Design teams often need results from usability studies yesterday. Teams I work with always want to start working on observations right away. How to support them while giving good data and ensuring that the final findings are valid?
Teams that are fully engaged in getting feedback from users – teams that share a vision of the experience they want their users to have – have often helped me gather data and evaluate in the course of the test. In chatting with Livia Labate, I learned that the amazing team at Comcast Interactive Media (CIM) came to the same technique on their own. Crystal Kubitsky of CIM was good enough to share photos of CIM’s progress through one study. Here’s how it works:
1. Start noting observations right away
After two or three participants have tried the design, we take a longer break to debrief about what we have observed so far. In that debrief, each team member talks about what he or she has observed. We write it down on a white board and note which participants had the issue. The team works together to articulate what the observation or issue was.
2. Add observations to the list between sessions
After each succeeding session, as the team generates observations, I add observations to that list, including the numbers for each participant who had the issue. We note any variations on each observation – they may end up all in one, or they may branch off, depending on what else we see.
Here’s an example observation from one study. We noted on the first day of testing that:
Participants talked about location, but scrolled past the map without interacting with it to get to the search results (the map may not look clickable)
The team and I later added the participant numbers for those who we observed doing this:
Participants talked about location, but scrolled past the map without interacting with it to get to the search results (the map may not look clickable) PP, P1, P3
Each day of testing, the team and I add more observations and more participant numbers.
The CIM team debriefs to review top observations, highlighting what they learned and color-coding participants or segments as they capture rolling observations:
3. Invite team member observers to add observations to the list themselves
As the team gets better at articulating the issues they have seen in a test session, it is my experience that they start adding to the list on their own. Often one of the observers voluntarily takes over adding to the list. This helps generate even more buy-in from the team and means that I can concentrate on focusing the discussion on the issues we agreed to explore when we planned and designed the test.
At the end of the last session, it’s easy then to move to a design direction meeting because the team has observed sessions, articulated issues, and already analyzed that data together.
The CIM team documents which participants had which behaviors in the table at the top right of the photo above.
What makes it a “rolling” list of observations and issues?

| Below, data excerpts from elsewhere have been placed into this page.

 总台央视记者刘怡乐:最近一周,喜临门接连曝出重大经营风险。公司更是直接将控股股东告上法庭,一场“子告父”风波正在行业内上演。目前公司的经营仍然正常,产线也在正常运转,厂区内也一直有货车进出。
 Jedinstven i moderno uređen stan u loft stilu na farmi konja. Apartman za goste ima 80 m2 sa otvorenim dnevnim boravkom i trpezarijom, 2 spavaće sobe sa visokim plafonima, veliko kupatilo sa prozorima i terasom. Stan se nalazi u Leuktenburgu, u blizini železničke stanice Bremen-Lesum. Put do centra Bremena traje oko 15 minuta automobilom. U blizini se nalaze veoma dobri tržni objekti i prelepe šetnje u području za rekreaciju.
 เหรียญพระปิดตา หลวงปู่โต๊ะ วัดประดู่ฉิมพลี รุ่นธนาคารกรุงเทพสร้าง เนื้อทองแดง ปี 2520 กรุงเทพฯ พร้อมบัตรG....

There are three things that are “rolling” about the list. First, the team adds issues to the list as they see new things come up (or that you didn’t notice before, or seemed like a one-off problem). Second, the team adds participant numbers for each of the issues as the test goes along. Third, the team refines the descriptions of the issues as they learn more from each new participant.
Double-check the data, if there’s time
Unless the team is in a very rapid, iterative, experimental mode, I still go back and tally all of the official data that I collected during each session. I want to be sure that there are no major differences between the rolling issues list and the final report. Usually, the rolling issues list and the final data match pretty closely because the team took care in defining the research questions and issues to explore together when we planned and designed the test.

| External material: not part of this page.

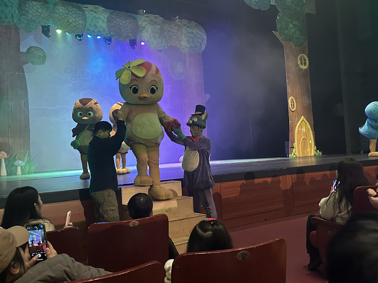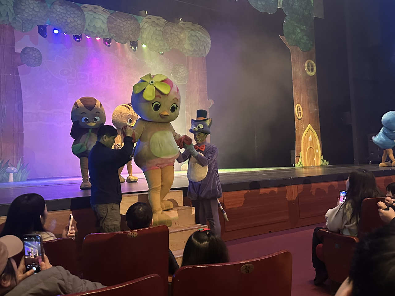 뮤지칼 공연의 서사는 간단했다. 홀로 어린 꿩들-마지, 두리, 세찌, 꽁지 등, 꺼병이 넷을 키우는 젊은 엄마 까투리는, 동네의 부탁으로 택배 일을 며칠 도와주기로 한다. 자녀들이 좋아하는 버찌를 다섯 바구니나 받기로 했으니, 자녀들이 좋아하리라는 부모 마음이 그렇다. 그러나 애 넷 키우기도 힘든데, 거기다 갑자기 안해본 일까지 하려니, 처음 결심과 달리 아침에는 출근하느라 허둥대서 안아주거나 뽀뽀도 제대로 못해주고, 아이들이 손꼽아 기다리는 집에 들어와서는 잠만 자기 일쑤다. 어린 아이들이 주로 보는 뮤지칼이라 이러한 갈등과 위기 장면이 길거나 크지는 않았고, 가족간의 화합으로 잘 마무리되었다. 뽀로로 뮤지칼과 비교해볼작시면, 관람 연령대가 달라서일지는 몰라도, 무대 연출은 비슷비슷했으나, 배우들의 역량은 좀 차이가 있었는데, 엄마 까투리 쪽의 배우들이 좀 더 관록이 있어보였고, 춤이나 가창력도 훨씬 좋아서 어른들이 보기에도 나쁘지 않았다. 다만 공연시간은 1시간 남짓. 이후 어린이 관객들과 인사하며 관람석 한바퀴 도는 시간 포함해도 1시간 30분 이 채 안되니, 시간은 약간 짧은 편이다.
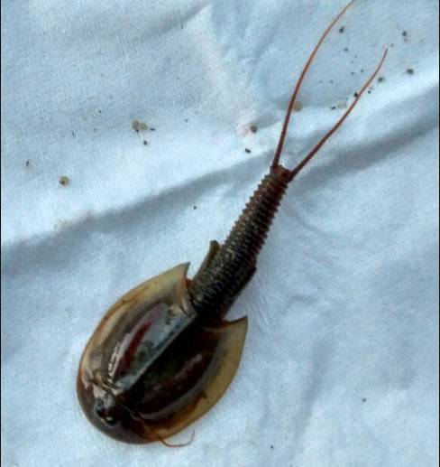 网友爆料:鲎虫,俗称翻车车、王八鱼、水鳖子、王八盖子、马蹄子、西纳根结虫(蒙古语),别名三眼恐龙虾。是一类小型的甲壳动物,属鳃足纲,背甲目,现在已知的大约15种鲎虫都是淡水鲎虫,栖息在湖泊、池塘中,主要分布在欧洲和北美,中国已经发现的有中华鲎虫和丰盛鲎虫两种。鲎虫的大背壳呈椭圆形,腹部细长,柔软灵活。长尾巴成叉状。体长大约有100毫米,共分成约40节,还有些叶子一样的附属肢体。有些肢体多达70多对。![]()

Doing the rolling list keeps teams engaged, informed, and invested. It helps the researcher cross-check data later, and it gives designers and developers something to work from right away.

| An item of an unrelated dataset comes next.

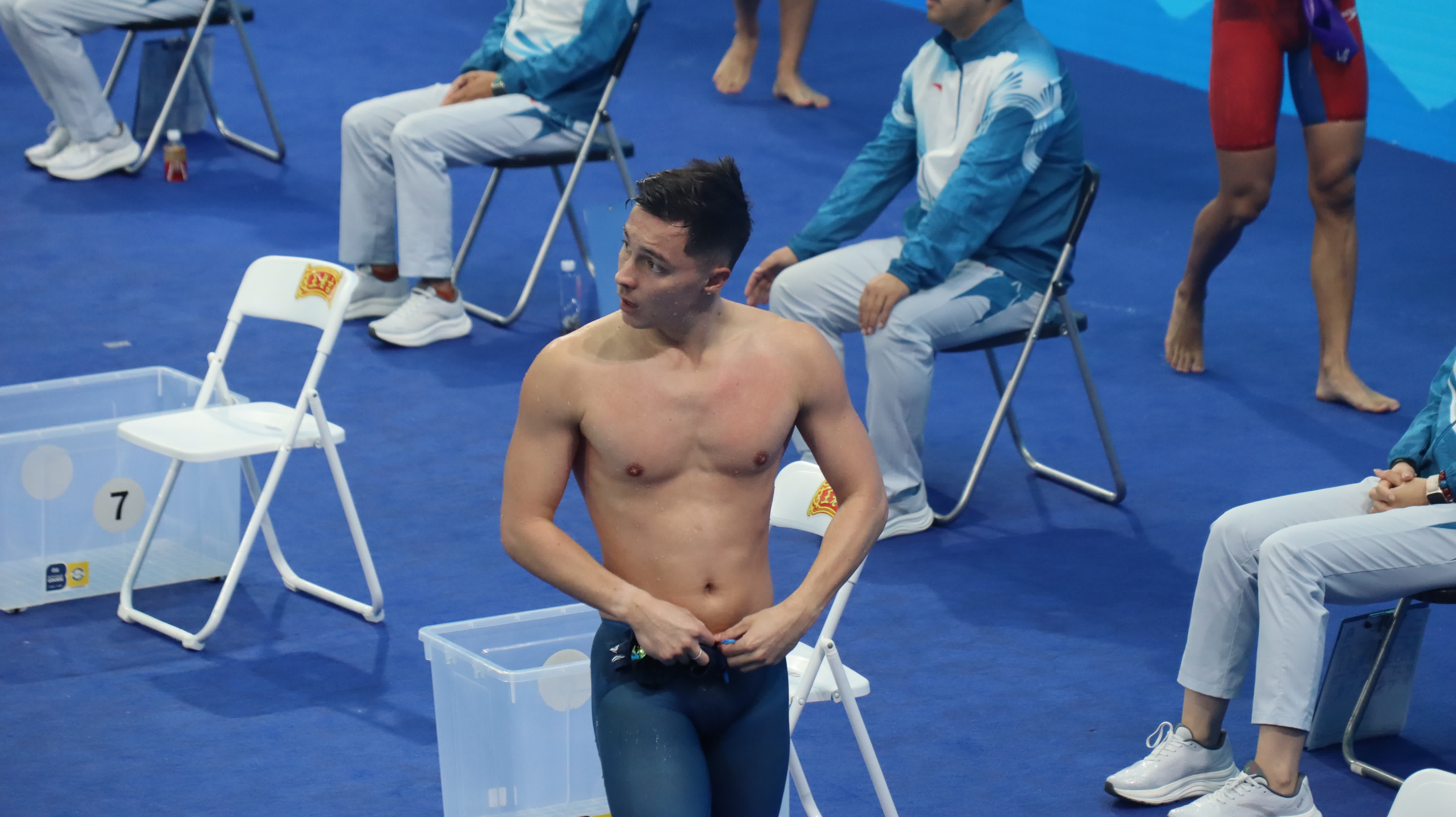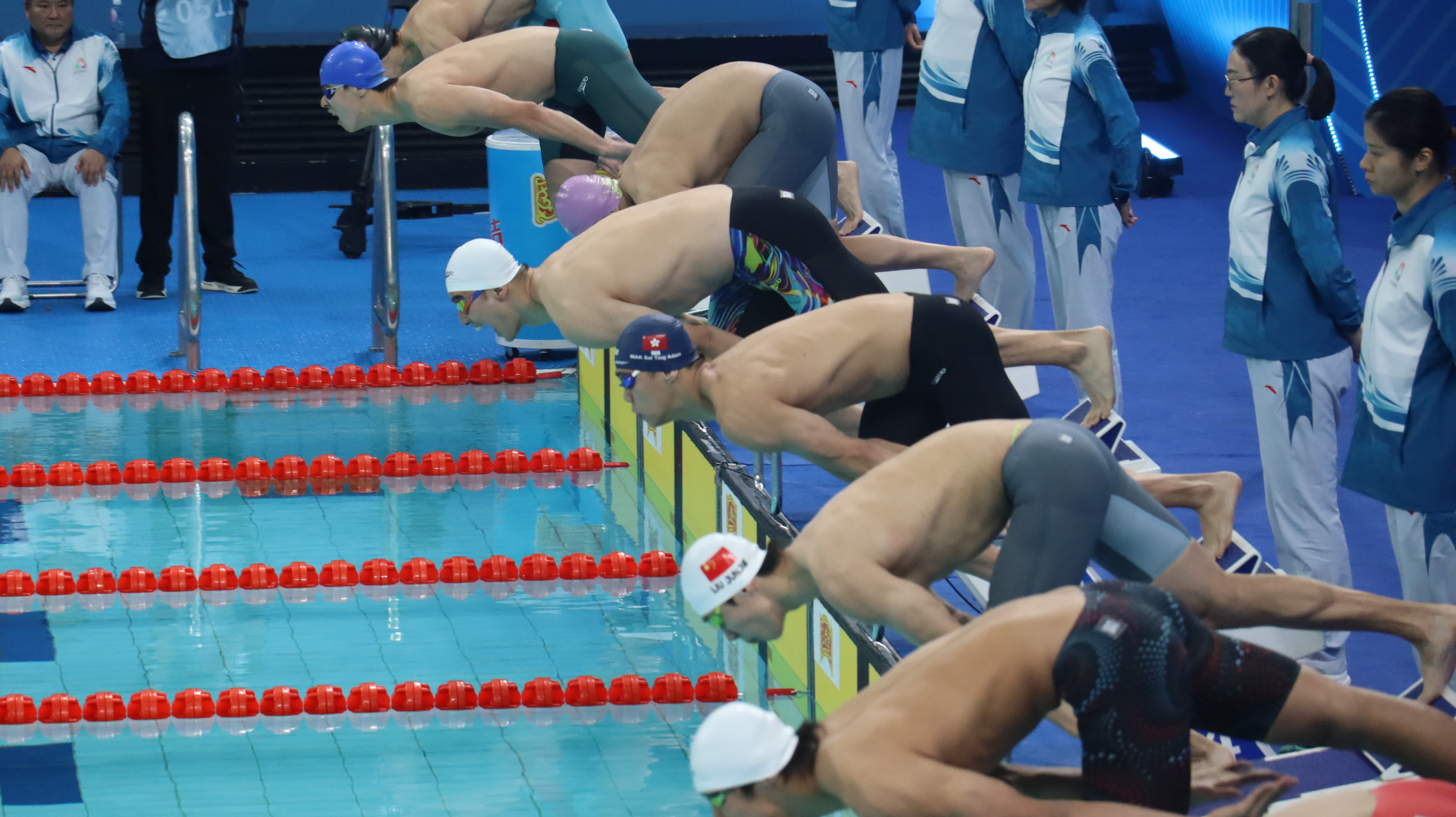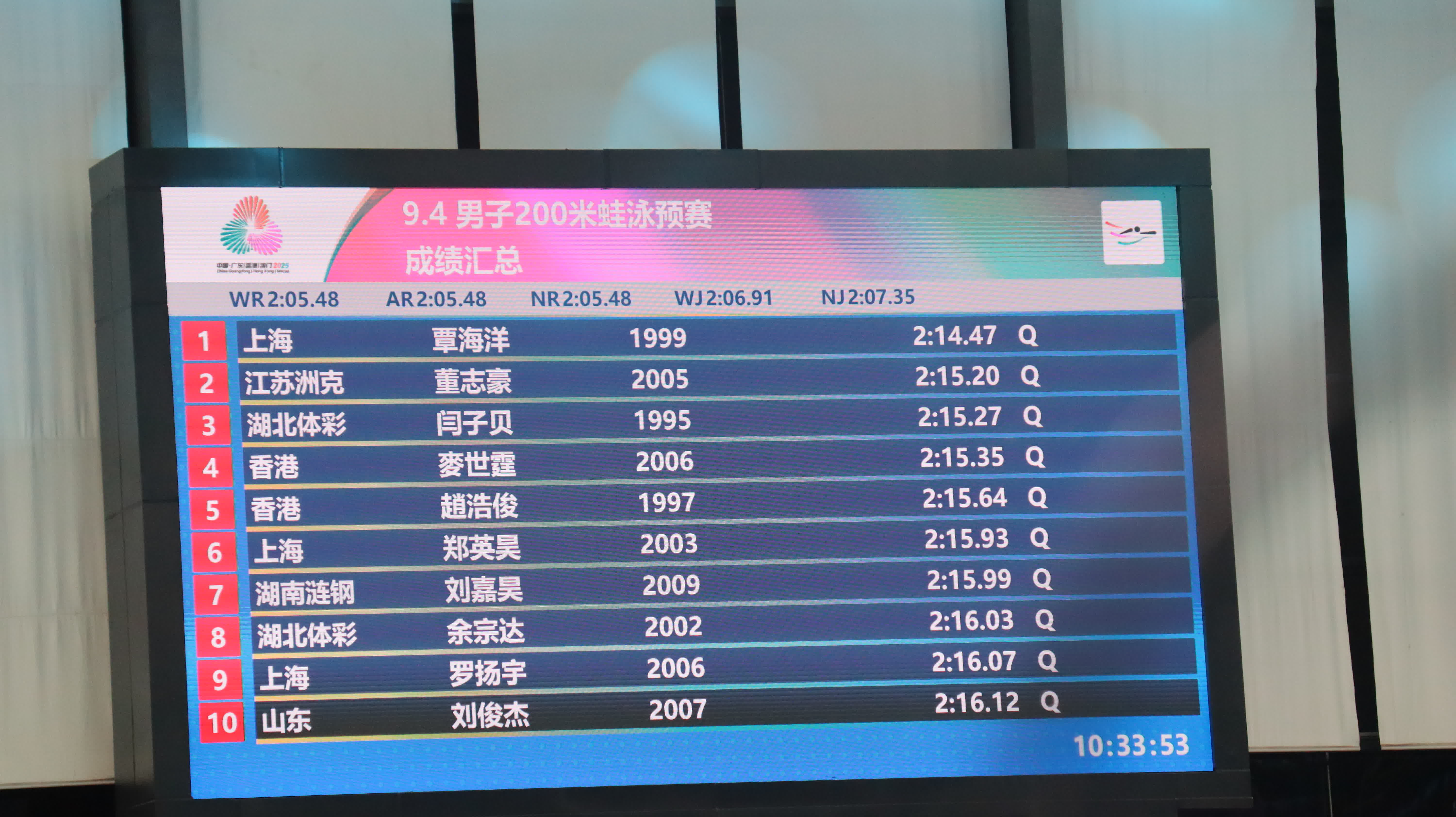 世界紀錄保持者、名將覃海洋展現絕對實力,以2分14秒47的佳績排名預賽第一,強勢晉級。

Shout-out to the researchers on the CIM UX team who make all this good stuff happen: Crystal Kubitsky, Liz Kell, Kellie Carter and our interns Cleonie Meraz and Alisa Conte!>>As someone who is not directly involved with the research projects but tries to attend at least one user session for all, I have to say that having the daily debriefs and rolling observations on the wall really make it very easy to understand the context and what kinds of insights are being gathered.
Not only do the rolling observations help to provide easier to understand context for stakeholders, they also really help us to come to our insights more quickly.>>Insights from our research efforts are always needed yesterday, rolling observations help us to be more effective at delivering faster.
A great article indeed and a very detailed, realistic and superb analysis, of this issue, very nice write up, Thanks.
One thing I have found useful is to do it as a spreadsheet, with the issue, then columns for each participants. We score a “1” for a minor issue, “3” for a major one. One more column for the auto-calculated total.
Also, a separate table for positive findings.